PRODUCTION METHOD FOR LARGE ROTOR/STATOR LAMINATIONS

Abstract

In a method for forming at least one of a circular rotor or stator lamination, at least one or two electrical strips of lamination material are provided. At least one or two of the strips are cut into segments. At least three of the segments are connected together to form a polygon having all equal sides.

Description

BACKGROUND

In the prior art, electrical steel in core form is available in widths up to 48 inches. Motor or generator cores have a stator and a rotor, each formed from a plurality of stack laminations referred to also herein as lamination layers. Core from widths of up to 48 inches allows for state of production in a complete round form up to that size. For larger stators, like those typically seen in large generator or motor applications, each of the lamination layers of the stator must be produced in an arc segment form.

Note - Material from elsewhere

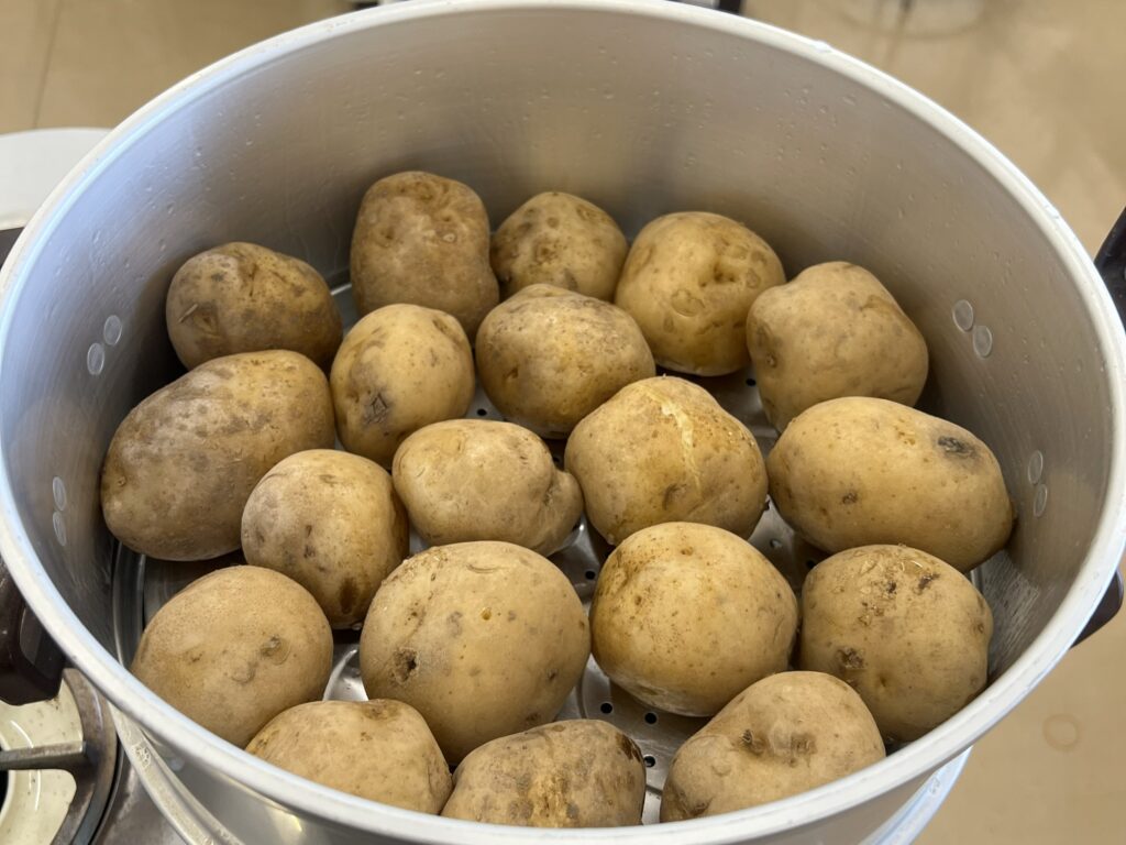 いもフライの材料はじゃがいも、小麦粉、パン粉、お水です。思ったより少ない材料でできるのが手軽ですね。じゃがいもを串に刺す時に崩れないように、蒸かしてから一晩寝かせたじゃがいもを使います。友の会S・Cフラワーズの皆さんが前日準備にも参加し、じゃがいもを蒸かしていきました。もちろん電子レンジで蒸かすこともできますが、蒸し器だとよりおいしくなりそうですね。

In U.S. Pat. No. 8,082,654, incorporated herewith by reference, issued Dec. 27, 2011, inventor—Mark Bender, it was known to manufacture a lamination for a motor or generator by using a plurality of laminations to form a core of the stator, or rotor, or both stator and a rotor of a motor or generator. A material strip was provided of electrical steel having a width substantially corresponding to half of the outer diameter of the lamination to be created. Slant cuts were made along the material strip to form oppositely facing trapezoids of substantially a same area. Two of the trapezoids were joined together along a side edge of each to form a hexagon. The joining could be accomplished by a welding process. The lamination was then stamped from the hexagon.

SUMMARY

It is an object to improve upon the process of the aforementioned '654 patent to provide a manufacturing method which utilizes relatively narrow steel strips to manufacture relatively large stator and rotor laminations and to minimize scrap in the manufacturing method.

In a method for forming at least one of a circular rotor or stator lamination, at least one or two electrical strips of lamination material are provided. At least one or two of the strips are cut into segments. At least three of the segments are connected together to form a polygon having all equal sides.

BRIEF DESCRIPTION OF THE DRAWINGS

FIGS. 1A-1F illustrate a first exemplary embodiment of an improved production method for large rotor/stator laminations;

FIGS. 2A-2F illustrate a second exemplary embodiment of an improved production method for large rotor/stator laminations;

FIGS. 3A-3E illustrate a third exemplary embodiment of an improved production method for large rotor/stator laminations;

FIGS. 4A-4D illustrate a fourth exemplary embodiment of an improved production method for large rotor/stator laminations; and

FIGS. 5A-5D illustrate a fifth exemplary embodiment of an improved production method for large rotor/stator laminations.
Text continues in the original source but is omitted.